The victim was Roman Catholic; the killers were suspected members of the Ulster Freedom Fighters, an avowedly Protestant paramilitary group.

But for politicians and church leaders here, the bluntly sectarian killing Thursday -- the first blood spilled since the Irish Republican Army declared its unilateral cease-fire 24 hours earlier -- was less a shock than a coldblooded reminder of how distant any real or lasting peace is in the divided province.

Still, in a vote of confidence and an expression of hope that peace will hold, President Clinton promised yesterday to increase U.S. aid greatly both to Ireland and to Northern Ireland.

Gerry Adams, the head of Sinn Fein, the political arm of the IRA, vowed yesterday that the IRA would not be provoked into breaking its commitment to its cease-fire.

But the leaders of the province's militant Protestant paramilitaries have said nothing about their own long-term intentions to either abide by the truce or step up the violence against Catholic and Republican targets.

"There is, among these men, a lot of apprehension and uncertainty, and I don't believe they know themselves yet what they will do," said the Rev.
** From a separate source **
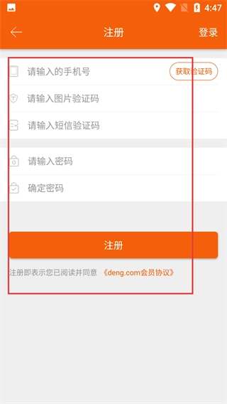 4、在注册界面,依次输入【手机号】、图片验证码、短信验证码、设置密码并确认,点击【注册】按钮完成注册。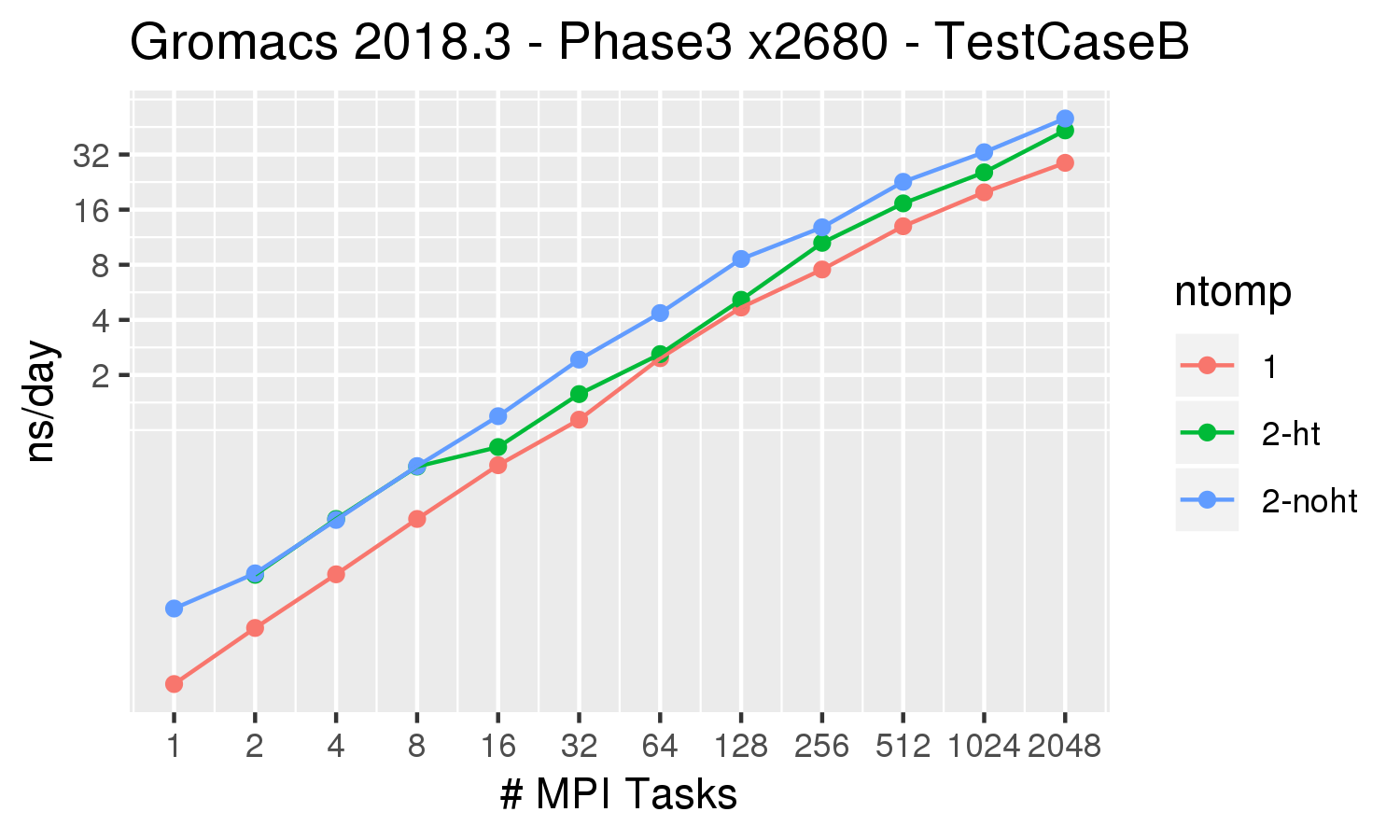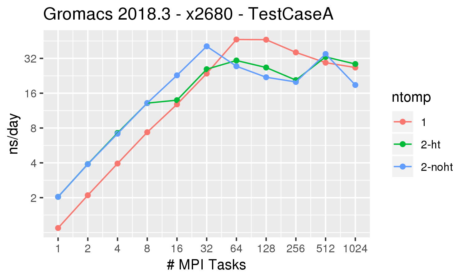 | ntomp = 2-ht | green line | 2 threads per MPI task, hyperthreading enabled. This effectively uses the same number of cores as ntomp=1, but uses both hyperthreaded CPUs on each core |

Roy McGhee, a Presbyterian pastor who keeps lines of communication open to the secretive Protestant paramilitary groups that have grown in both size and menace in recent years.

The one thing that is certain, he said, is that whenever the Loyalist community feels its back is against the wall, the rosters of the outlawed militant organizations swell.

According to police estimates, the Ulster Freedom Fighters, which took responsibility for the killing Thursday, has a hard-core membership of about 500 to 600 and the rival Ulster Volunteer Force has about 350 to 500 members.

Northern Ireland's majority Protestants are feeling very much on the defensive these days.

While only the smallest and most militant minority of the Protestant population favors a resort to violence, there is at nearly every level a palpable suspicion and fear, a growing conviction that the IRA cease-fire is the latest step in some much larger, undefined conspiracy directed at loosening Ulster's ties to London.

In this view, it is Ulster against what they call the pan-Irish republican movement, from the IRA and the Irish-American lobby to the Dublin politicians, each of them abetted by a weak and duplicitous British government that wouldn't mind shedding the enormous cost -- about $5.1 billion this year alone, twice what it was in 1989 -- of keeping the troubled province afloat.

"I am a British subject, not an Irish one," said Jean Arbuthot, TC 48-year-old woman taking her grandson for a walk in the Shankill yesterday. "I say we have been betrayed by London. Why else would the IRA have called a cease-fire?"

Even as the British government insists there will be no constitutional change in Northern Ireland without the consent of the majority of people who live there, the militant Protestants see fresh signs of double-dealing, like London's grudging acknowledgment last year, after repeated and persistent denials, that it had engaged in secret talks with the IRA.

Thursday, their ire was raised again by reports that four Republican prisoners convicted of terrorist offenses had been suddenly moved from jails in England to Northern Ireland, to be closer to home. The British said no deal was made; the Loyalists don't believe it.

And in a poll published yesterday by the Belfast Telegraph and reported by the Associated Press, only 30 percent of those questioned -- and just 9 percent of Protestants -- thought the cease-fire would hold. The margin of error for the poll was not given.